Der Director’s Cut des legendären Schweizer Films von Christian Schocher ist genauso unterhaltsam, geistreich und interessant wie vor 30 Jahren. Eine Freude für jeden Cineasten – bleibt zu hoffen, dass das Publikum dieses kleine Meisterwerk dank dem kostenlosen Streaming auf Play Suisse öfter zu sehen bekommt.
Reisender Krieger
- Publiziert am 14. Januar 2010
«Reisender Krieger» ist ein unbekanntes Meisterwerk. Als der Film 1981 veröffentlicht wurde, stieg er innerhalb kurzer Zeit zum Liebling der Kritiker
Synopsis: Krieger ist Vertreter für das amerikanische Kosmetik-Unternehmen «Blue Eye». Mit dem Ziel, dessen Parfum-Produkte an Schönheitssalons zu verkaufen, reist er Woche für Woche durch die Schweiz. Während seine Frau unterdessen alleine in der Wohnung am Rande Zürichs sitzt, trifft Krieger an den unterschiedlichsten Orten auf mannigfaltige Persönlichkeiten und Gestalten, führt abwegige und kluge Gespräche, sitzt einsam herum, beobachtet – und lernt so sein Land kennen.
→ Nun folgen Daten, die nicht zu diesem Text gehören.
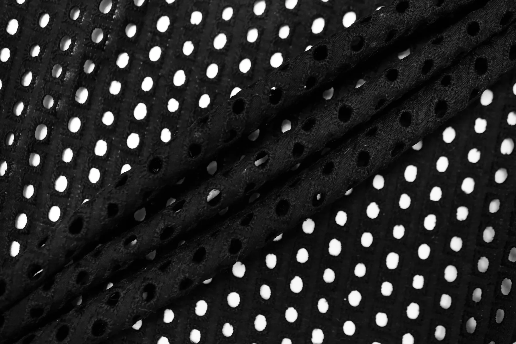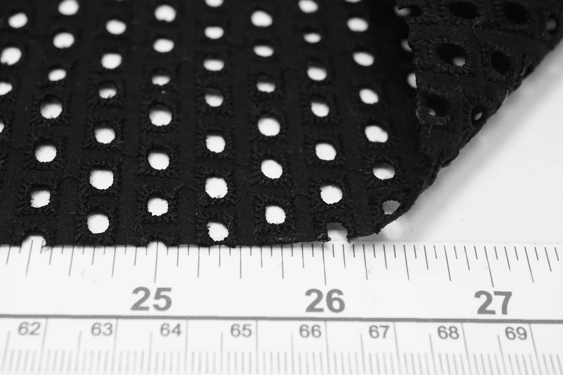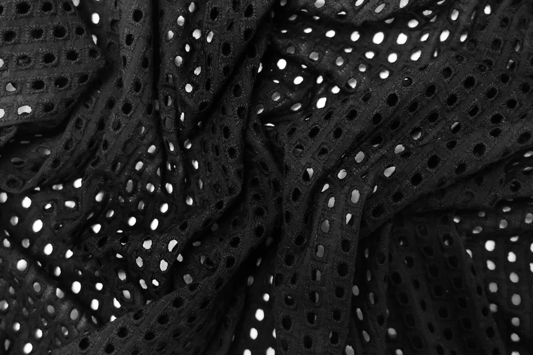Общая ширина 133 см, ширина участка с вышивкой - 127 см. Хлопковое шитье чёрного цвета с узором-кружочками. В основе ткани хлопковый батист. Слегка жёсткое из-за плотной вышивки. Без фестонного края. Материал мнется. Не тянется. Прекрасный вариант на платья, сарафаны, блузки и юбки. Для однослойных изделий при необходимости используйте подкладочный материал.

Als einsamer Reisender streift er umher, immer begleitet von tiefen Augenringen und der Zigarette im Mund. Er ist der Held eines Roadmovies in schwarz-weiss, das an Aktualität nicht einbüssen konnte. Stars: Willy Ziegler, der den Krieger spielt, wurde 1979, als er gerade arbeitslos in Zürich lebte, von Schocher einfach zum Hauptdarsteller ernannt. Eine wunderbare Wahl – denn so echt, so glaubhaft, so authentisch hat nie wieder jemand den melancholischen Vertretertypus verkörpert. Regie & Crew: Christian Schocher kürzte sein 195 minütiges Epos, das damals schon aus 27 Stunden Material zusammen geschnitten wurde, auf bekömmlichere 150 Minuten. Das tut der Grossartigkeit keinen Abbruch: der Director’s Cut ist die perfekte Version, die sich Schocher immer gewünscht hat, unter dem damaligen Zeitdruck aber nicht realisieren konnte.
arttv-Wertung: Während der Film der Liebling der Filmkritik war, wurde er dem Publikum in den Kinos meist vorenthalten. Völlig zu unrecht, denn Schochers Film ist keineswegs ein unbekömmlicher Kunst-Film. Natürlich gibt es die für die 70er so typischen, unendlich lang erscheinenden Szenen, die starrenden Blicke aus dem Fenster oder die Rauchszenen, bei denen man die Existenz der Zigarette von Anfang bis Ende mitbekommt. Doch als Gegenwartsadaption der Odysee/Ulysses-Klassiker von Homer bzw. Joyce stellt «Reisender Krieger» vor allem die Banalität des Alltags dar, unerträglich und wunderbar zugleich. Es ist ein grandioses Portrait eines Landes und einer Zeit – und dabei filmisch in jeder Hinsicht innovativ. Die Form des Road Trips lag erst in ihren cineastischen Anfängen und an den Hyperrealismus ohne Kunstlicht, mit Handkamera, Originalschauplätzen und improvisierten Dialogen, den sich 15 Jahre später die Dogma-Bewegung zu eigen machen sollte, war noch lange nicht zu denken. Fazit: «Reisender Krieger» ist ein Klassiker, ein Meisterwerk, ein Kultfilm, wenn man so will.